Cryptocurrency is among the most complex and sophisticated technologies currently available to the public.
It is often said that crypto combines everything we don’t know about finance, with everything we don’t know about technology, so you are not alone if you make some mistakes in your journey.
Most of us have made mistakes when learning how crypto works, and oftentimes we are having very similar experiences and learning many of the same lessons.
Hopefully some of the experience that our team has picked up in the industry can save you from falling into some of the common mistakes that traders make.
“FOMO” buying and Panic selling
Markets are driven by emotion and the traders who are able to stay calm and make rational decisions are typically the ones who come out on top.
Many traders will be overcome with fear and sell when they see a major dip, or they will be overcome with greed and chase after the top gainers of the day whenever they see green candles.
This is what we call FOMO (Fear Of Missing Out) buying, and panic selling, and traders who fall into this trap are making the mistake of chasing trends, which will always leave them a few steps behind the people who are actually making money and catching the pumps.
If you see an asset show a significant rise in value over a short period of time and become interested in buying some, it’s usually best to wait for the inevitable correction that almost always comes after a rally like that.
Patience will pay off in the long run, because no matter how strong the rally is, early holders will always take profits along the way, which should give you a better entry point.
As far as panic selling goes, if you are confident in the fundamental analysis that you have done on a project, and nothing has fundamentally changed, you will not be so tempted to sell during a dip.
Bad Operational Security
Having total control of your finances is one of the primary benefits of cryptocurrencies, but this also means that you are the one who will take full responsibility if something goes wrong.
This is why it is essential to practice good operational security.
Never give away your seed phrases or passwords, and always keep them offline in a safe place.
Sending Transaction To Wrong Address
It is very easy to send a transaction to the wrong address if you are not careful. It is also important to be sure that you are sending funds on the correct network.
For example, Tether, one of the most popular USD stablecoins, can be sent across multiple different networks, including Ethereum and Tron.
Many other tokens are built to be compatible with multiple networks, but when sending from one wallet to another, you need to be sure that your send and receive addresses are on the same network, or you can risk losing your money.
One of the best ways to be absolutely sure that you are sending to the correct address, is to send a very small amount as a test before making the whole transaction.
This can be expensive on networks with high transaction fees, but when you are sending large amounts of money, the extra transaction fee is worth the peace of mind that you will get from knowing that your funds are going to the correct address.

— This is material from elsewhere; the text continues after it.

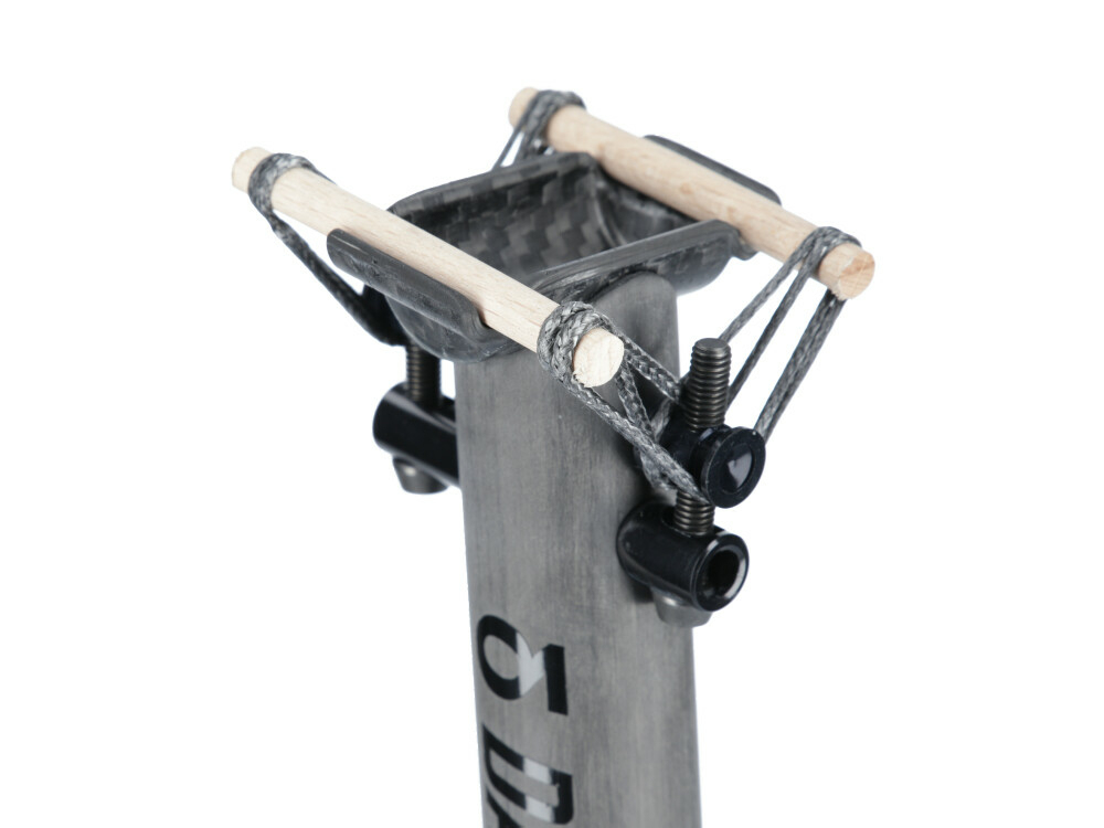 全新設計的夾緊系統由兩個輕量的Dyneema®環製成。這非常重要地減輕了座杆/夾緊系統的頭部的重量。該系統適用於任何類型的導軌,包括橢圓形碳纖維導軌(7 * 9mm)。

Being Too Risky With Leverage
Leverage trading can be very tempting because it offers a chance at huge gains on a small investment, but it is important to understand the risks of liquidation when trading with leverage.

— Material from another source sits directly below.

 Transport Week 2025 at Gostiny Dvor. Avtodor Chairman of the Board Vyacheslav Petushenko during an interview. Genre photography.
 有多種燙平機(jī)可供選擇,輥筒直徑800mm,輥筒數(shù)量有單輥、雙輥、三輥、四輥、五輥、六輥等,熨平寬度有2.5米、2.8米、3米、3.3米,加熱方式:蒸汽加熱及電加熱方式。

If you do decide to leverage trade, never use an exchange account where you are storing funds, and don’t keep any money in that account that you aren’t entirely willing to lose.
If you are holding an asset in your private wallet, a flash crash or quick price fluctuation will not affect you that much, but if you are leverage trading your entire account could be wiped out if the price goes low enough.
This is why setting a stop loss in these situations is especially important, because it could save you from reaching your liquidation point in an event of a flash crash, which happens frequently in the world of crypto.